* **Task goal**:
A verbatim copy of all the data is required, minus any images.

____ Records for the exercise

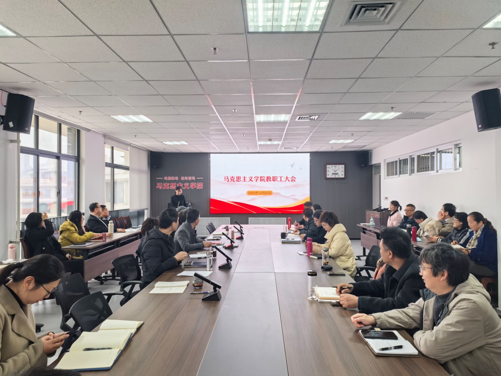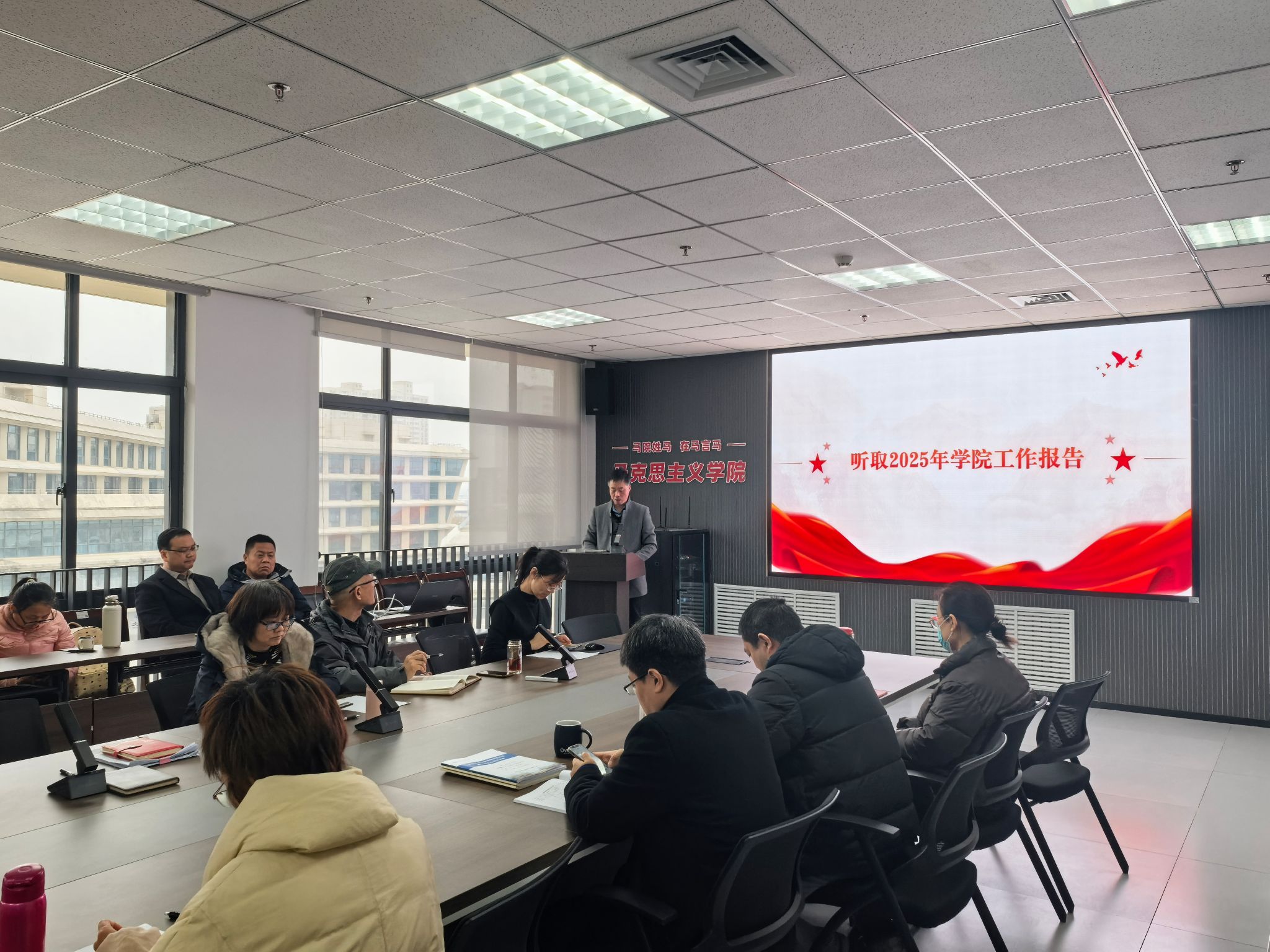院长梁华平代表学院领导班子作2025年工作报告。报告全面回顾了2025年学院在党的建设、思政课教学、科学研究、人才培养、社会服务与交流合作、师资队伍建设等方面取得的成效,客观分析了学院发展面临的挑战,并明确提出了下一阶段的工作思路。报告强调,要以学校全面深化改革、制定学院“十五五”规划为契机,强化师资队伍建设,深化教育教学改革,培育高水平标志性成果。
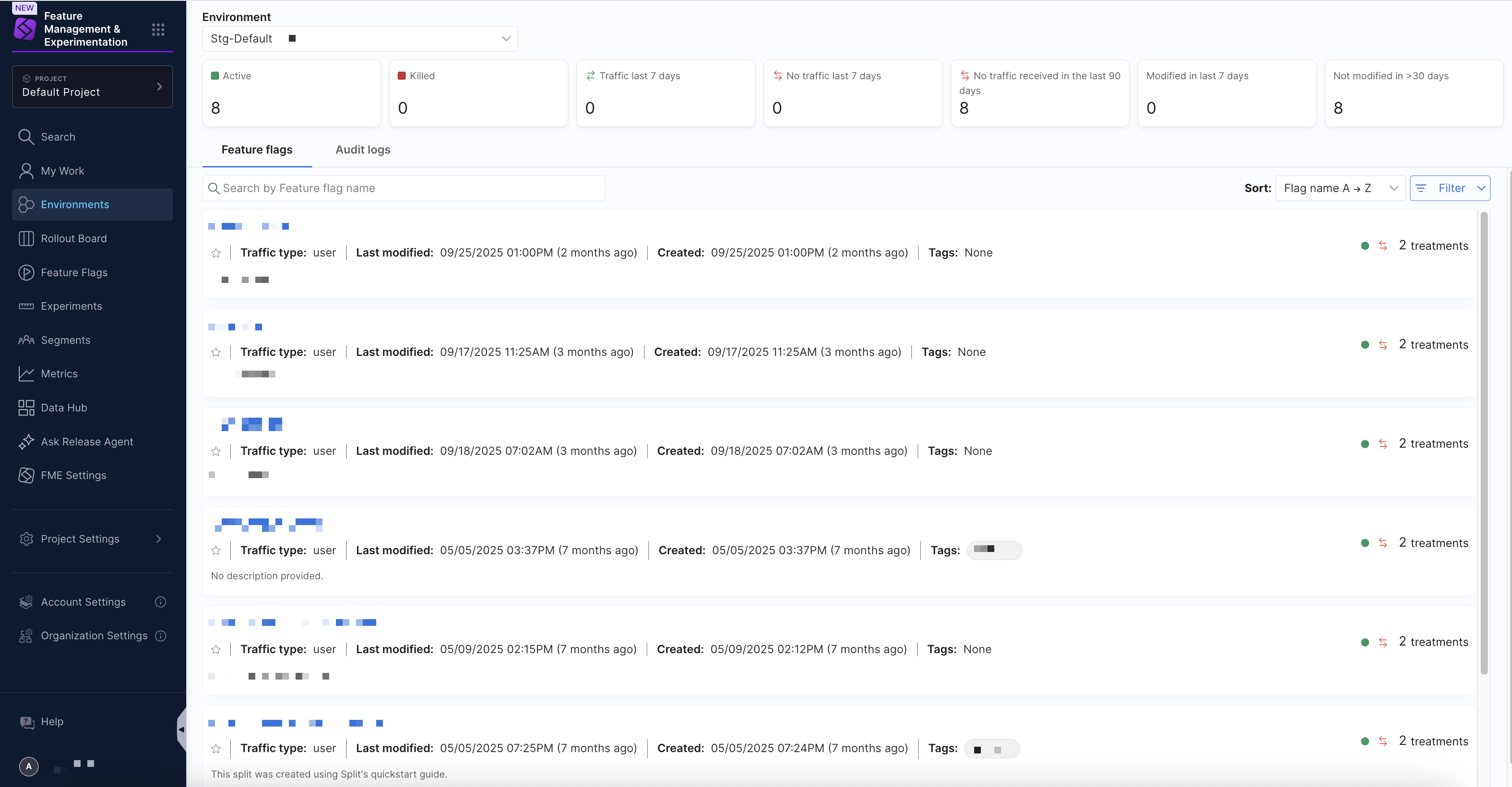 Using the Environment dropdown menu, you can select an environment to display all configured feature flags along with their current status (Active or Killed) and recent traffic activity. You can filter feature flags by name in the search bar, use the Sort dropdown menu to order flags by name, last modified date, or creation date, in addition to a Filter dropdown menu to narrow results by traffic type, tag, status, or traffic activity.
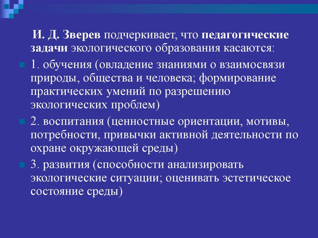 И. Д. Зверев подчеркивает, что педагогическиезадачи экологического образования касаются:
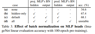 Table 3에서는 제안한 MLP 모듈들에서 BN을 사용한 경우에 대한 실험을 진행하였습니다. 실험적인 결과 적절한 양의 BN은 지도 학습과 동일하게 작동하는 것을 확인하였으나, 이러한 구조적 설계가 collpasing을 예방했다는 것이라고 볼 수 없었습니다.
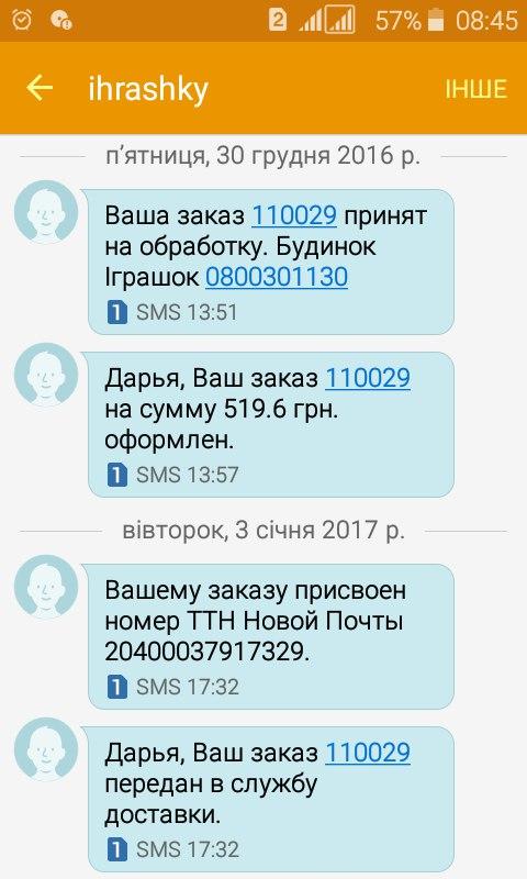 Таким образом, общий процесс покупки и возврата товара занял всего 7 дней с учетом того, что 3 из них попали на выходные и праздники. Я получила 4 письма по электронной почте (о заказе, об оплате (LiqPay), промо-код и оценку работы), сделала три телефонных звонка (заказ, уточнение условий доставки и уточнение адреса для возврата), получила 4 СМС от интернет-магазина (принят на обработку, оформлен, присвоен номер ТТН «Новой почты», передан в службу доставки и 1 от «Новой почты») и осуществила два пеших похода — в отделение почты и отделение интернет-магазина в «Будинке іграшок».
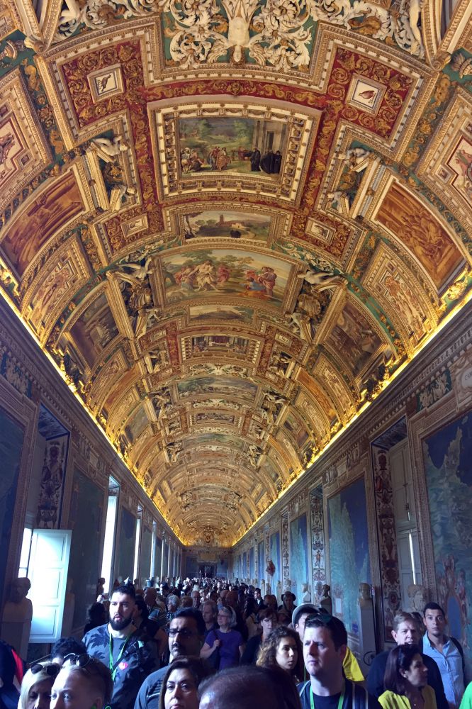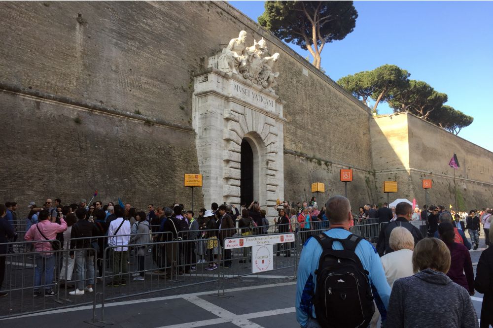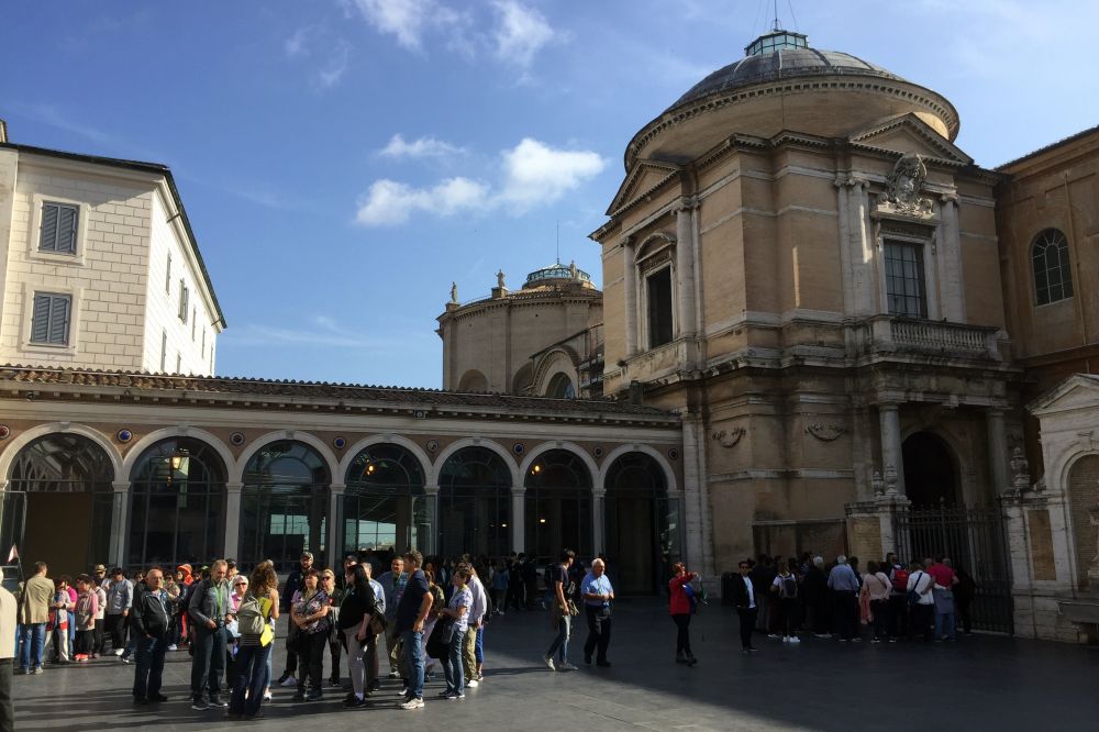 罗马的地铁和多伦多一样,仅有两条线。从共和国广场出发,五站便到梵蒂冈。时间刚过八点,博物馆外已排起长龙,其中至少有五六个韩国旅行团,领队滔滔不绝地讲解以打发等待时间。我们则跟随导游,走Skipline专线径直进入梵蒂冈博物馆。据我所知,只有三家历史悠久的旅游公司安排的团才享有这一特权。
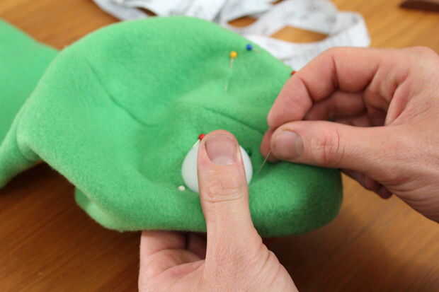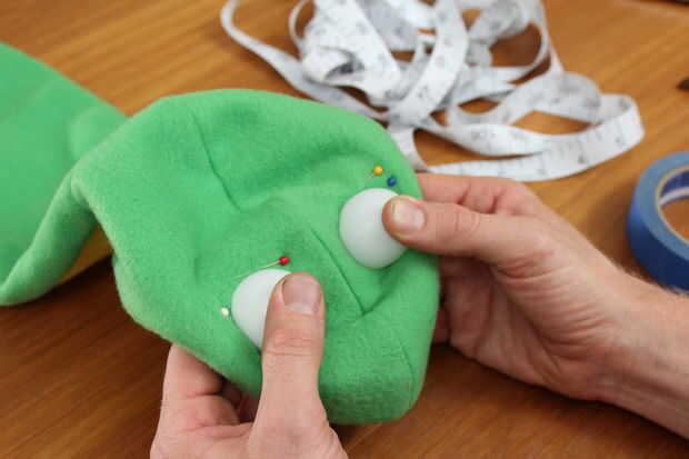 No hay ninguna manera fácil de fijar los ojos. Mide una pulgada de la costura central y mirado por el ojo (valga la redundancia) la colocación hacia adelante y atrás en la cabeza.
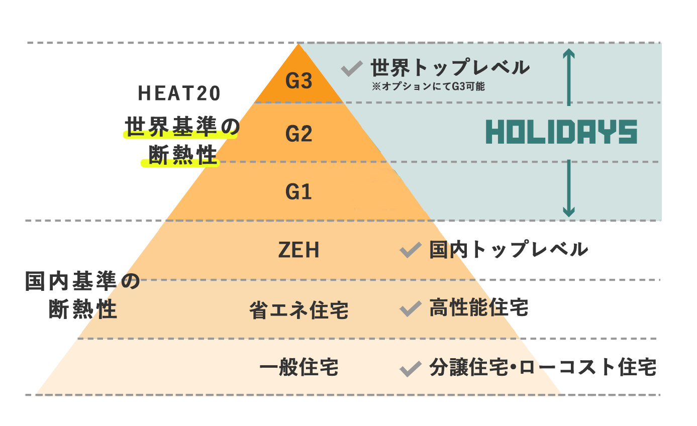 ZEH、省エネ住宅を超える、国内でもっとも厳しい「HEAT20基準(G1~G3)」をクリア。
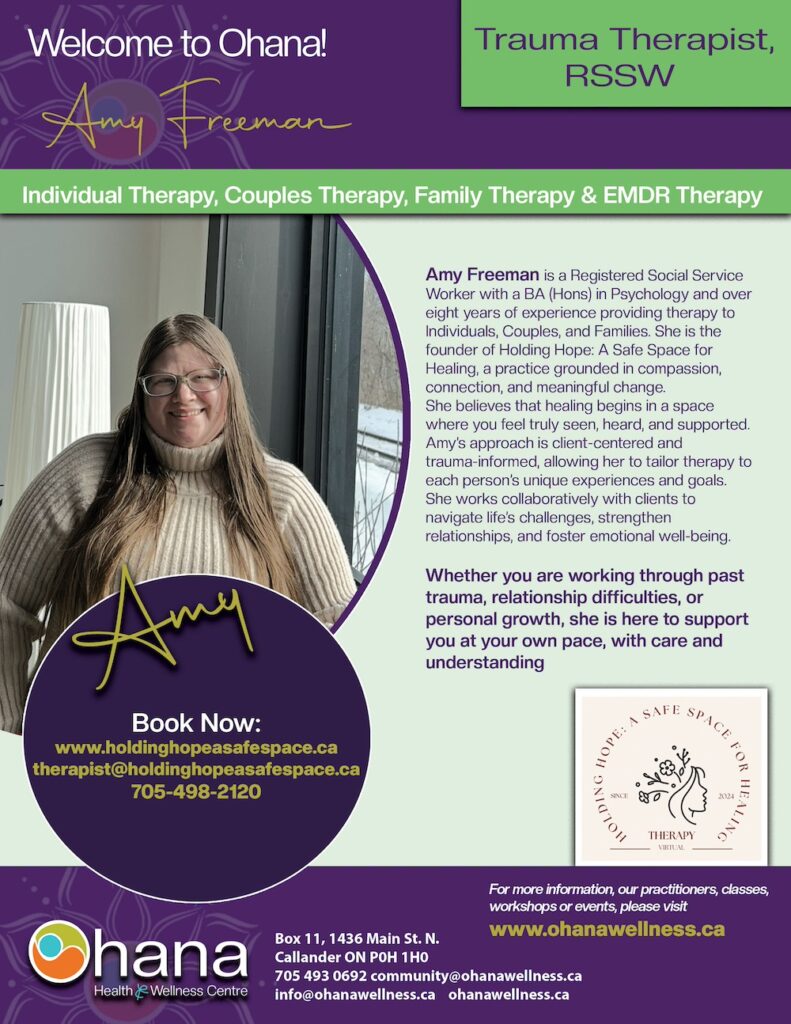 Amy Freeman is a Registered Social Service Worker with a BA (Hons) in Psychology and over eight years of experience providing therapy to individuals, couples, and families. She is the founder of Holding Hope: A Safe Space for Healing, a practice grounded in compassion, connection, and meaningful change.
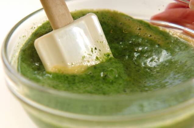 ホウレン草を牛乳と共にミキサーに入れてかくはんする。ボウルに移し、溶き卵を加えてゴムベラで混ぜ合わせる。
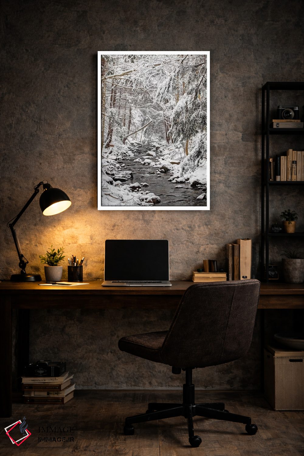 «جویبار در زمستان، نوا اسکوشیا، کانادا» اثرِ «اسکات لزلی» از آن انتخابهاییست که به دیوار، شخصیت و جهت میدهد؛ برای دکورهای کلاسیک با چوب و پارچه انتخابی عالی است. برای هدیه دادن هم انتخابی محترمانه و امن است.
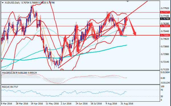 日线图上,澳元/美元下破上行趋势线后,汇价短期在0.75强支撑位反弹下行,目前汇价在上行趋势线处受阻,若汇价后市下跌,则趋势可能已反转,转为下行趋势;目前,汇价短期前景不明朗,但是长期来看,趋势看跌,汇价将下测0.7600,并将进一步下跌至0.7500。
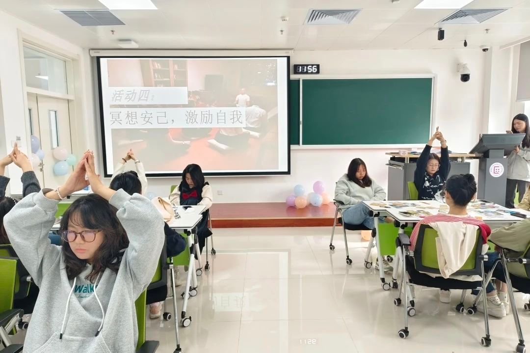 第四环节中,同学们跟着活动主持人冥想词的引导,伴着缓和的音乐放松自己。静静的水边,生命之树葳蕤生长,随风飘动。感受生命的力量从脚底灌注周身,体会到内心的宁静,发现自己内在蕴藏的无限能量,语言与音乐的融合,使文字变成开启心灵的钥匙。同学们就在人与自然的共鸣中,打开自我、回归原点、感受心底的平静。
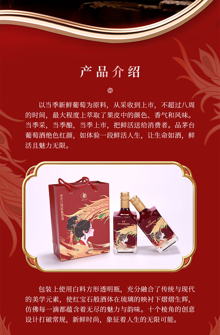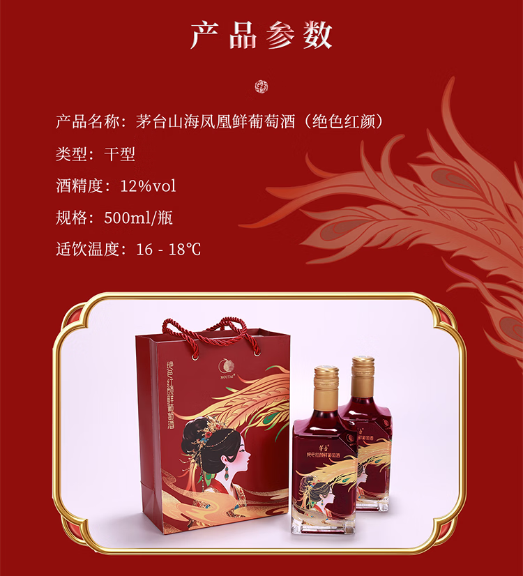 12度茅台山海凤凰鲜葡萄酒(绝色红颜)新版 500ml 单瓶
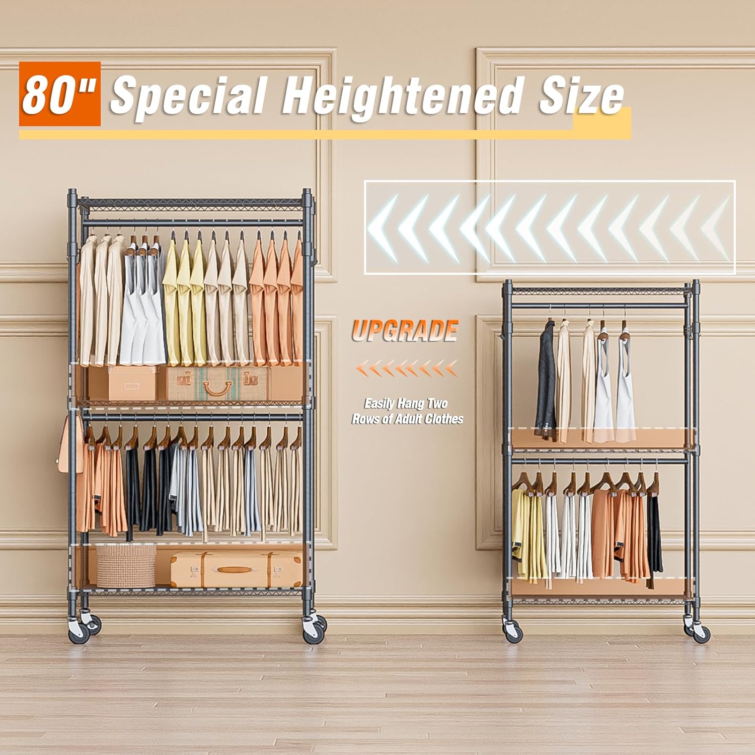 - 【LOCKABLE 360° WHEELS】 Equipped with 4 rolling wheels, 2 of them are locking wheels, designed to allow you to roll this clothing garment rack where ever you need in home. Easy access to bedroom, cloakroom, clothing store, laundry room, walk-in closet and more
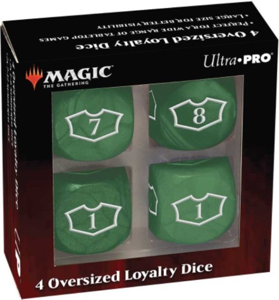 Show your Loyalty with the updated Ultra-Pro: Magic the Gathering - Forest - 22 mm Deluxe Loyalty Dice Set. Each face features the iconic "loyalty" outline with numbers 1-6 on two dice and 7-12 on the other two dice, allowing you to save up for that ult with a single die face representing your progress clearly.

________

* **Finished task**:
院长梁华平代表学院领导班子作2025年工作报告。报告全面回顾了2025年学院在党的建设、思政课教学、科学研究、人才培养、社会服务与交流合作、师资队伍建设等方面取得的成效,客观分析了学院发展面临的挑战,并明确提出了下一阶段的工作思路。报告强调,要以学校全面深化改革、制定学院“十五五”规划为契机,强化师资队伍建设,深化教育教学改革,培育高水平标志性成果。
 Using the Environment dropdown menu, you can select an environment to display all configured feature flags along with their current status (Active or Killed) and recent traffic activity. You can filter feature flags by name in the search bar, use the Sort dropdown menu to order flags by name, last modified date, or creation date, in addition to a Filter dropdown menu to narrow results by traffic type, tag, status, or traffic activity.
 И. Д. Зверев подчеркивает, что педагогическиезадачи экологического образования касаются:
 Table 3에서는 제안한 MLP 모듈들에서 BN을 사용한 경우에 대한 실험을 진행하였습니다. 실험적인 결과 적절한 양의 BN은 지도 학습과 동일하게 작동하는 것을 확인하였으나, 이러한 구조적 설계가 collpasing을 예방했다는 것이라고 볼 수 없었습니다.
 Таким образом, общий процесс покупки и возврата товара занял всего 7 дней с учетом того, что 3 из них попали на выходные и праздники. Я получила 4 письма по электронной почте (о заказе, об оплате (LiqPay), промо-код и оценку работы), сделала три телефонных звонка (заказ, уточнение условий доставки и уточнение адреса для возврата), получила 4 СМС от интернет-магазина (принят на обработку, оформлен, присвоен номер ТТН «Новой почты», передан в службу доставки и 1 от «Новой почты») и осуществила два пеших похода — в отделение почты и отделение интернет-магазина в «Будинке іграшок».
 罗马的地铁和多伦多一样,仅有两条线。从共和国广场出发,五站便到梵蒂冈。时间刚过八点,博物馆外已排起长龙,其中至少有五六个韩国旅行团,领队滔滔不绝地讲解以打发等待时间。我们则跟随导游,走Skipline专线径直进入梵蒂冈博物馆。据我所知,只有三家历史悠久的旅游公司安排的团才享有这一特权。
 No hay ninguna manera fácil de fijar los ojos. Mide una pulgada de la costura central y mirado por el ojo (valga la redundancia) la colocación hacia adelante y atrás en la cabeza.
 ZEH、省エネ住宅を超える、国内でもっとも厳しい「HEAT20基準(G1~G3)」をクリア。
 Amy Freeman is a Registered Social Service Worker with a BA (Hons) in Psychology and over eight years of experience providing therapy to individuals, couples, and families. She is the founder of Holding Hope: A Safe Space for Healing, a practice grounded in compassion, connection, and meaningful change.
 ホウレン草を牛乳と共にミキサーに入れてかくはんする。ボウルに移し、溶き卵を加えてゴムベラで混ぜ合わせる。
 «جویبار در زمستان، نوا اسکوشیا، کانادا» اثرِ «اسکات لزلی» از آن انتخابهاییست که به دیوار، شخصیت و جهت میدهد؛ برای دکورهای کلاسیک با چوب و پارچه انتخابی عالی است. برای هدیه دادن هم انتخابی محترمانه و امن است.
 日线图上,澳元/美元下破上行趋势线后,汇价短期在0.75强支撑位反弹下行,目前汇价在上行趋势线处受阻,若汇价后市下跌,则趋势可能已反转,转为下行趋势;目前,汇价短期前景不明朗,但是长期来看,趋势看跌,汇价将下测0.7600,并将进一步下跌至0.7500。
 第四环节中,同学们跟着活动主持人冥想词的引导,伴着缓和的音乐放松自己。静静的水边,生命之树葳蕤生长,随风飘动。感受生命的力量从脚底灌注周身,体会到内心的宁静,发现自己内在蕴藏的无限能量,语言与音乐的融合,使文字变成开启心灵的钥匙。同学们就在人与自然的共鸣中,打开自我、回归原点、感受心底的平静。
 12度茅台山海凤凰鲜葡萄酒(绝色红颜)新版 500ml 单瓶
 - 【LOCKABLE 360° WHEELS】 Equipped with 4 rolling wheels, 2 of them are locking wheels, designed to allow you to roll this clothing garment rack where ever you need in home. Easy access to bedroom, cloakroom, clothing store, laundry room, walk-in closet and more
 Show your Loyalty with the updated Ultra-Pro: Magic the Gathering - Forest - 22 mm Deluxe Loyalty Dice Set. Each face features the iconic "loyalty" outline with numbers 1-6 on two dice and 7-12 on the other two dice, allowing you to save up for that ult with a single die face representing your progress clearly.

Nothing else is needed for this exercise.